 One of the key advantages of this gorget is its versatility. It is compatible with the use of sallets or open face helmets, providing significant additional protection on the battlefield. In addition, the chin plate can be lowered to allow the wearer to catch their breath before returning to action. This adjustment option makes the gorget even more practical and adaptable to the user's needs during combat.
* * *
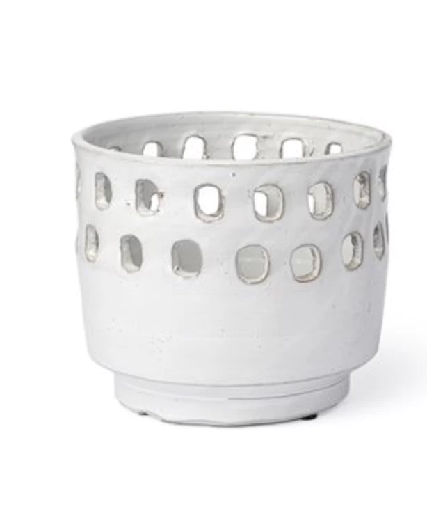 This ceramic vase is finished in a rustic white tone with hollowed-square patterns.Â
...
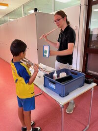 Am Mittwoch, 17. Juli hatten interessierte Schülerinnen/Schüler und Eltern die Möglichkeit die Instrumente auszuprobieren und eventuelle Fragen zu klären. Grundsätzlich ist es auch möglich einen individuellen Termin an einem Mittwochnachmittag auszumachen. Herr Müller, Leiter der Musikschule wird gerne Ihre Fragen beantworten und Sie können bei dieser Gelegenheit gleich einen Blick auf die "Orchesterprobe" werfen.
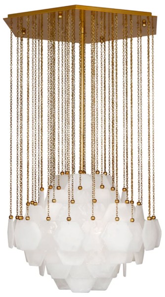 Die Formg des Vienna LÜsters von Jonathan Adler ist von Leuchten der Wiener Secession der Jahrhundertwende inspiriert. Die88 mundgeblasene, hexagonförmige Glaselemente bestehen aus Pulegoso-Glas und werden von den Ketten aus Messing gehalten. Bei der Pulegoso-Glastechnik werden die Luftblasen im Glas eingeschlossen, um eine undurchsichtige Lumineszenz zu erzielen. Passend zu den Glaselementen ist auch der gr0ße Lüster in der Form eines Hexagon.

▶ _PROBLEM STATEMENT_
The reply should hold exactly the lines above, starting at the line with "Am Mittwoch, 17." and ending at the line with "Die Formg des", and no pictures.

▶ _FINAL ANSWER_
 Am Mittwoch, 17. Juli hatten interessierte Schülerinnen/Schüler und Eltern die Möglichkeit die Instrumente auszuprobieren und eventuelle Fragen zu klären. Grundsätzlich ist es auch möglich einen individuellen Termin an einem Mittwochnachmittag auszumachen. Herr Müller, Leiter der Musikschule wird gerne Ihre Fragen beantworten und Sie können bei dieser Gelegenheit gleich einen Blick auf die "Orchesterprobe" werfen.
 Die Formg des Vienna LÜsters von Jonathan Adler ist von Leuchten der Wiener Secession der Jahrhundertwende inspiriert. Die88 mundgeblasene, hexagonförmige Glaselemente bestehen aus Pulegoso-Glas und werden von den Ketten aus Messing gehalten. Bei der Pulegoso-Glastechnik werden die Luftblasen im Glas eingeschlossen, um eine undurchsichtige Lumineszenz zu erzielen. Passend zu den Glaselementen ist auch der gr0ße Lüster in der Form eines Hexagon.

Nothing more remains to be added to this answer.